* WHAT YOU NEED TO DO *
Copying rule for the data below: pictures stay out, and only the lines from the one with "晚上少不了一顿侗族特色的吃合" down to the one with "-Teppiche sind eher", inclusive, are repeated exactly.

* AVAILABLE DATA *

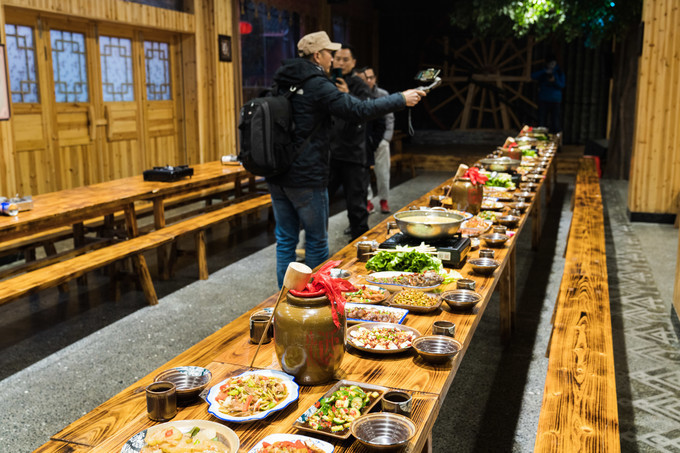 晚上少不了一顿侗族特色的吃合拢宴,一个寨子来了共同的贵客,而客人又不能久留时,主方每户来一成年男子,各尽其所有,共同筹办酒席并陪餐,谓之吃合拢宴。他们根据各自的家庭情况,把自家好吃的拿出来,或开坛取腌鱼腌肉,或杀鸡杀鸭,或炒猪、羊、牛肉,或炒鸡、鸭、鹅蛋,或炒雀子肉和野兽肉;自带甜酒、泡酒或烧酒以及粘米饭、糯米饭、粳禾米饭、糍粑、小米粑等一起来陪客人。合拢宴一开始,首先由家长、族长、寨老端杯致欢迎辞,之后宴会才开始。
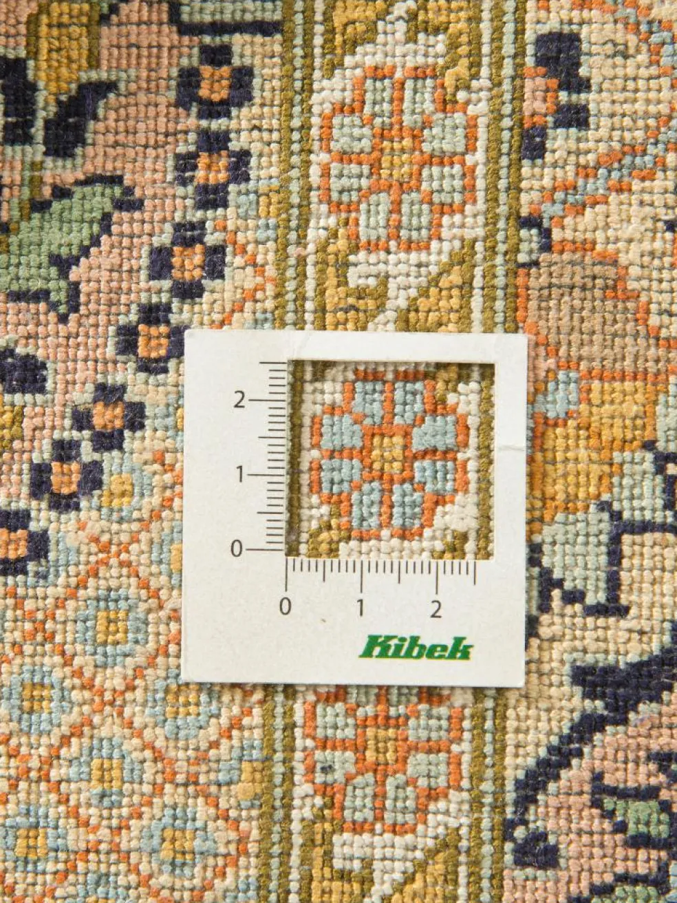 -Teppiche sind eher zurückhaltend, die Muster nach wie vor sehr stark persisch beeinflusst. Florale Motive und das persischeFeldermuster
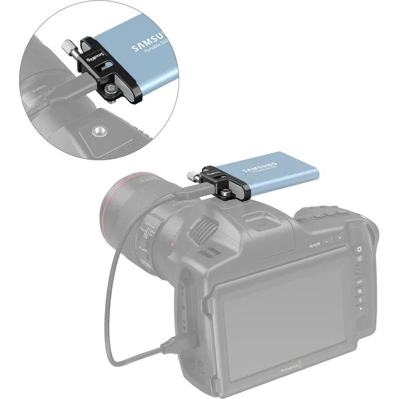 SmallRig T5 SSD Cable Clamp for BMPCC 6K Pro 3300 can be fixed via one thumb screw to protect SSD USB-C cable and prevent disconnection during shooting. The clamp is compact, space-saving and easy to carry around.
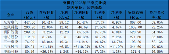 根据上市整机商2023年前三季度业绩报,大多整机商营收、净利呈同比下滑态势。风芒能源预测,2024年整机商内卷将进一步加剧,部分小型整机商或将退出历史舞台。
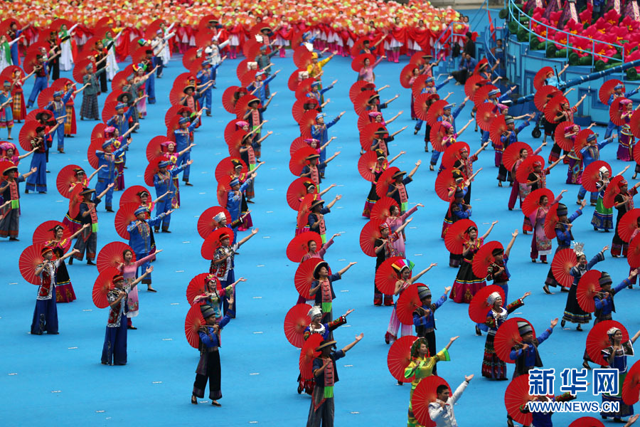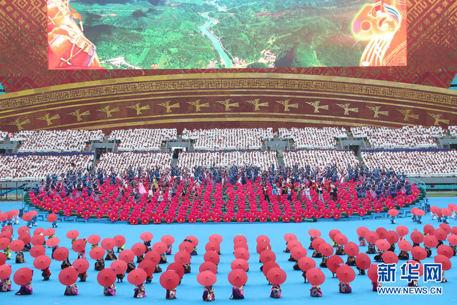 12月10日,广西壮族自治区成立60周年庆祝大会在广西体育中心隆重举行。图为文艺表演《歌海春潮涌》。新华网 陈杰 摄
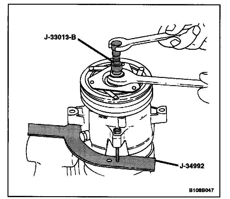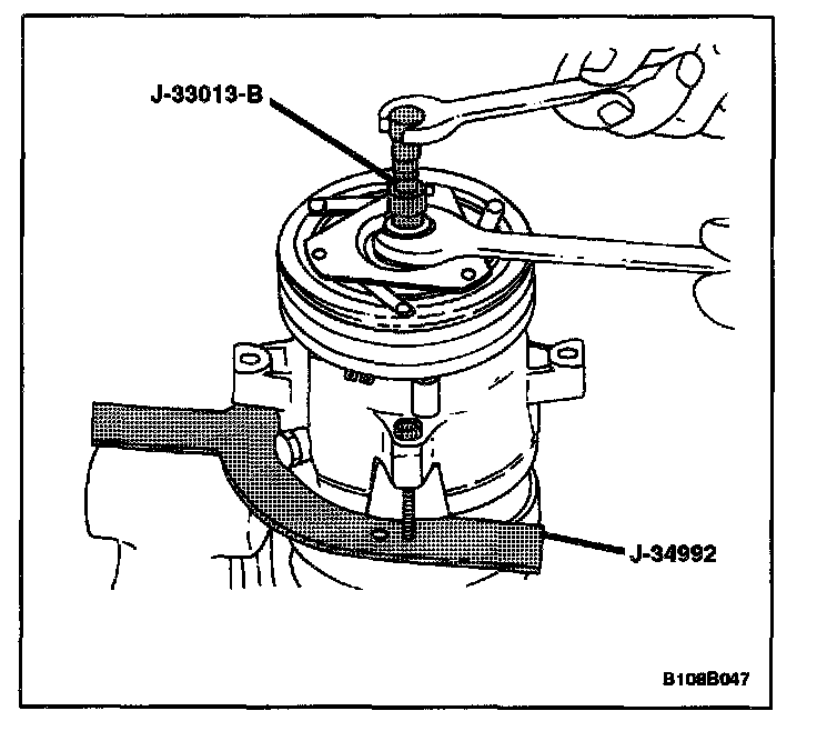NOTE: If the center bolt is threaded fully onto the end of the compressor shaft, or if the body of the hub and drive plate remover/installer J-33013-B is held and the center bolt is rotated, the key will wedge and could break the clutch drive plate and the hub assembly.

---

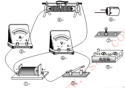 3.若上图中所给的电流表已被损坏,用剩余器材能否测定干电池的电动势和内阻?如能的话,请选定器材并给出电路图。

* SOLVED PROBLEM *
 晚上少不了一顿侗族特色的吃合拢宴,一个寨子来了共同的贵客,而客人又不能久留时,主方每户来一成年男子,各尽其所有,共同筹办酒席并陪餐,谓之吃合拢宴。他们根据各自的家庭情况,把自家好吃的拿出来,或开坛取腌鱼腌肉,或杀鸡杀鸭,或炒猪、羊、牛肉,或炒鸡、鸭、鹅蛋,或炒雀子肉和野兽肉;自带甜酒、泡酒或烧酒以及粘米饭、糯米饭、粳禾米饭、糍粑、小米粑等一起来陪客人。合拢宴一开始,首先由家长、族长、寨老端杯致欢迎辞,之后宴会才开始。
 -Teppiche sind eher zurückhaltend, die Muster nach wie vor sehr stark persisch beeinflusst. Florale Motive und das persischeFeldermuster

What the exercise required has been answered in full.